— Action item —
Among the lines below, the one containing "Solang dieses Pokémon" opens the range and the one containing "カトラリー袋・巾着袋 長方形【マリン ドット柄" closes it. Print that range exactly, without the pictures.

(Provided entries Opens)

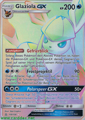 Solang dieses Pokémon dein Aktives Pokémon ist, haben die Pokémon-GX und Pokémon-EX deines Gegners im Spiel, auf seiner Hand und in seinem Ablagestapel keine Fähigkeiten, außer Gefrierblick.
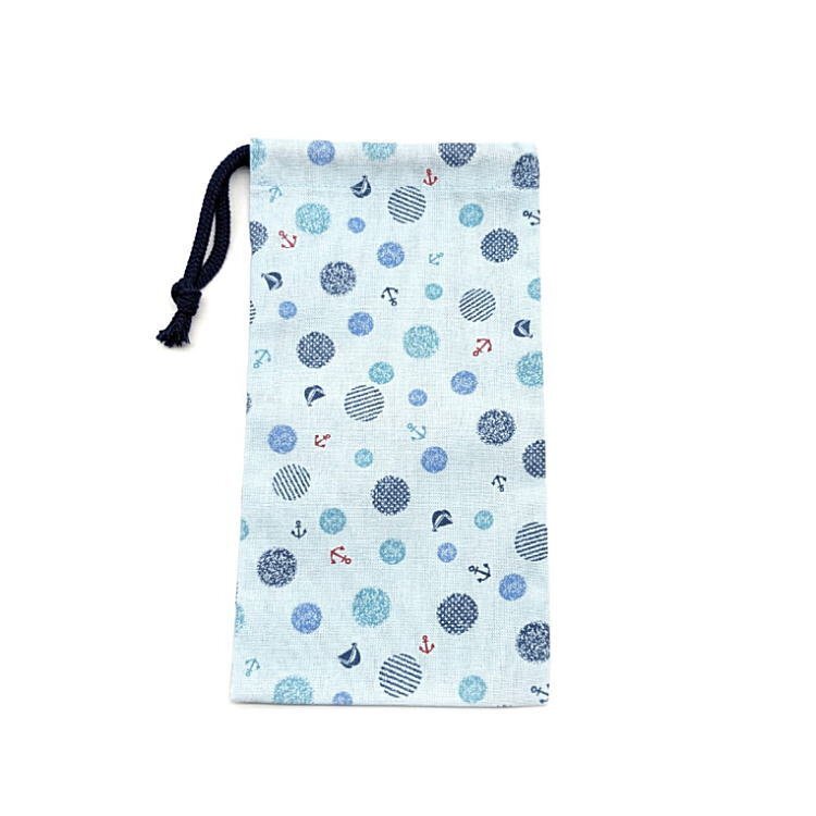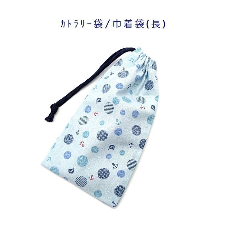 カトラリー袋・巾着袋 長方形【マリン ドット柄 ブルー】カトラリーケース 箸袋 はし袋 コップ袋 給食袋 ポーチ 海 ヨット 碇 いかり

(Provided entries Closes)
(Provided entries Opens)

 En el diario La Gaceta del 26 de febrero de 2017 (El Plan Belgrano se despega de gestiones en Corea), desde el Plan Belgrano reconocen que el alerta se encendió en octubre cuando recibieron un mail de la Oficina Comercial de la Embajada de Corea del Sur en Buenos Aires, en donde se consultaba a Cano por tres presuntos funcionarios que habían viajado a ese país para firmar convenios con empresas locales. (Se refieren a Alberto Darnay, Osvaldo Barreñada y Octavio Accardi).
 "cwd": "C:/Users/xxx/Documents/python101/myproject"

(Provided entries Closes)

— Output below —
 Solang dieses Pokémon dein Aktives Pokémon ist, haben die Pokémon-GX und Pokémon-EX deines Gegners im Spiel, auf seiner Hand und in seinem Ablagestapel keine Fähigkeiten, außer Gefrierblick.
 カトラリー袋・巾着袋 長方形【マリン ドット柄 ブルー】カトラリーケース 箸袋 はし袋 コップ袋 給食袋 ポーチ 海 ヨット 碇 いかり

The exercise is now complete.